Opioids have been part of human culture and healing for millennia. Initially cultivated and distributed throughout the ancient world, opioids are described in Sumerian, Egyptian, Greek, Islamic, and Chinese medical treatises. Whereas opioid use is ancient, problematic use and, specifically, addiction are more modern phenomena. The first opioid crisis, which dates to the latter half of the 18th century, was iatrogenic in origin. This was an epidemic overwhelmingly of women, who had initially been exposed to opioids through a prescription for the treatment of “female ailments.”

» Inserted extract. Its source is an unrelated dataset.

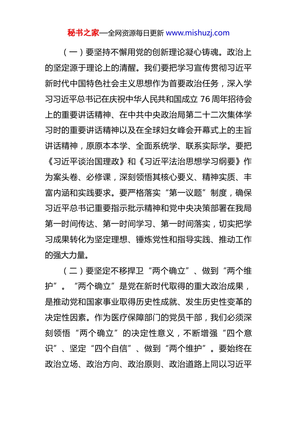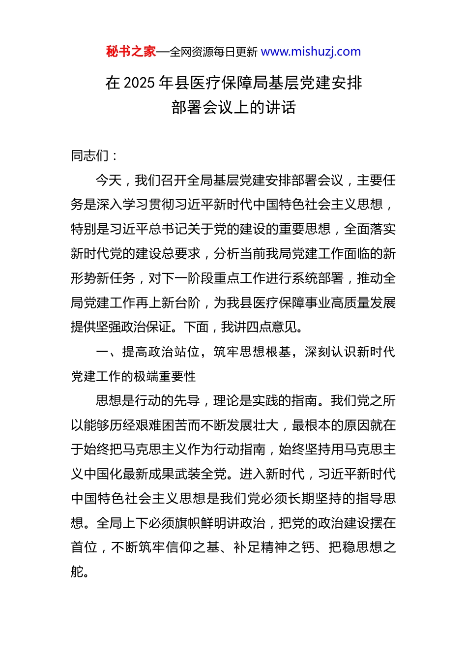秘书之家—全网资源每日更新 www.mishuzj.com在 2025 年县医疗保障局基层党建安排部署会议上的讲话 同志们:今天,我们召开全局基层党建安排部署会议,主要任务是深入学习贯彻习近平新时代中国特色社会主义思想,特别是习近平总书记关于党的建设的重要思想,全面落实新时代党的建设总要求,分析当前我局党建工作面临的新形势新任务,对下一阶段重点工作进行系统部署,推动全局党建工作再上新台阶,为我县医疗保障事业高质量发展提供坚强政治保证。下面,我讲四点意见。一、提高政治站位,筑牢思想根基,深刻认识新时代党建工作的极端重要性思想是行动的先导,理论是实践的指南。我们党之所以能够历经艰难困苦而不断发展壮大,最根本的原因就在于始终把马克思主义作为行动指南,始终坚持用马克思主义中国化最新成果武装全党。进入新时代,习近平新时代中国特色社会主义思想是我们党必须长期坚持的指导思想。全局上下必须旗帜鲜明讲政治,把党的政治建设摆在首位,不断筑牢信仰之基、补足精神之钙、把稳思想之舵。秘书之家—全网资源每日更新 www.mishuzj.com(一)要坚持不懈用党的创新理论凝心铸魂。政治上的坚定源于理论上的清醒。我们要把学习宣传贯彻习近平新时代中国特色社会主义思想作为首要政治任务,深入学习习近平总书记在庆祝中华人民共和国成立 76 周年招待会上的重要讲话精神、在中共中央政治局第二十二次集体学习时的重要讲话精神以及在全球妇女峰会开幕式上的主旨讲话精神,原原本本学、全面系统学、联系实际学。要把《习近平谈治国理政》和《习近平法治思想学习纲要》作为案头卷、必修课,深刻领悟其核心要义、精神实质、丰富内涵和实践要求。要严格落实“第一议题”制度,确保习近平总书记重要指示批示精神和党中央决策部署在我局第一时间传达、第一时间学习、第一时间落实,切实把学习成果转化为坚定理想、锤炼党性和指导实践、推动工作的强大力量。(二)要坚定不移捍卫“两个确立”、做到“两个维护”。“两个确立”是党在新时代取得的重大政治成果,是推动党和国家事业取得历史性成就、发生历史性变革的决定性因素。作为医疗保障部门的党员干部,我们必须深刻领悟“两个确立”的决定性意义,不断增强“四个意识”、坚定“四个自信”、做到“两个维护”。要始终在政治立场、政治方向、政治原则、政治道路上同以习近平秘书之家—全网资源每日更新 www.mishuzj.com同志为核心的党中央保持高度一致,不断提高政治判断力、政治领悟力、政治执行力。要自觉将医保工作融入党和国家事业发展大局,确保党的路线方针政策在医保领域不折不扣得到贯彻执行。(三)要持之以恒严肃党内政治生活。党内政治生活是锻炼党性、提高思想觉悟的熔炉。我们要严格执行《关于新形势下党内政治生活的若干准则》,认真落实“三会一课”、组织生活会、民主评议党员、谈心谈话等制度,让党员干部在严格的党内政治生活中反复淬炼,不断增强党性修养。要高质量开展主题党日活动,结合医保工作实际,创新活动形式,丰富活动内容,让主题党日成为党员学习教育的阵地、思想交流的平台、党性锻炼的熔炉。要发展积极健康的党内政治文化,大力弘扬忠诚老实、公道正派、实事求是、清正廉洁等价值观,营造风清气正的良好政治生态。二、聚焦组织建设,夯实战斗堡垒,以高质量党建引领医保事业创新发展基层党组织是党的全部工作和战斗力的基础。只有把基层党组织建设得坚强有力,党的执政基础才能坚如磐石。我们要树立大抓基层的鲜明导向,以提升组织力为重点,突出政治功能,推动基层党组织全面进步、全面过秘书之家—全网资源每日更新 www.mishuzj.com硬。(一)要着力建强支部战斗堡垒。党支部是党组织开展工作的基本单元。要以创建“五星党支部”为抓手,持续推进党支部标准化规范化建设,选优配强支部书记和支部委员,打造一支政治强、业务精、作风硬的党务工作者队伍。要充分发挥党支部战斗堡垒作用和党员先锋模范作用,在医保支付方式改革、基金监管、经办服务等重点工作中,设立“党员先锋岗”、组建“党员突击队”,让党旗在医保一线高高飘扬。要加强对党员的教育、管理、监督和服务,...

The current opioid crisis in the US is arguably the most severe in history and, like the first, features a large proportion of women. Overdose deaths have become one of the leading causes of mortality and, along with hepatitis C and suicide, have contributed to a decrease in life expectancy especially among white, middle‐aged Americans. The current crisis consists of three related phases. The first began with a marked increase in opioid prescribing starting in the mid‐1990s and peaked in 2010. The second was driven by illicit heroin distribution while the third phase began in 2016 powered by fentanyl and other illicitly manufactured synthetic opioids. Opioid‐related drug deaths may have plateaued nationally in 2019, but a fourth wave of stimulant‐related mortality (both amphetamine and cocaine) is now emerging.

The current crisis has changed the demographics of substance use and addiction. Whereas less than 20% of people who used heroin in the 1970s were women, today roughly 50% are women. Although more men have addiction than women, for opioid use disorder at least half of people presenting for treatment are female.

Opioid use, misuse, and addiction have increased in pregnancy and postpartum, in parallel with the overall crisis. Rates of opioid use disorder assessed at the time of delivery more than quadrupled between 1999 and 2014, as have rates of neonatal abstinence syndrome (NAS), and, in many states, overdose is the leading cause of maternal death.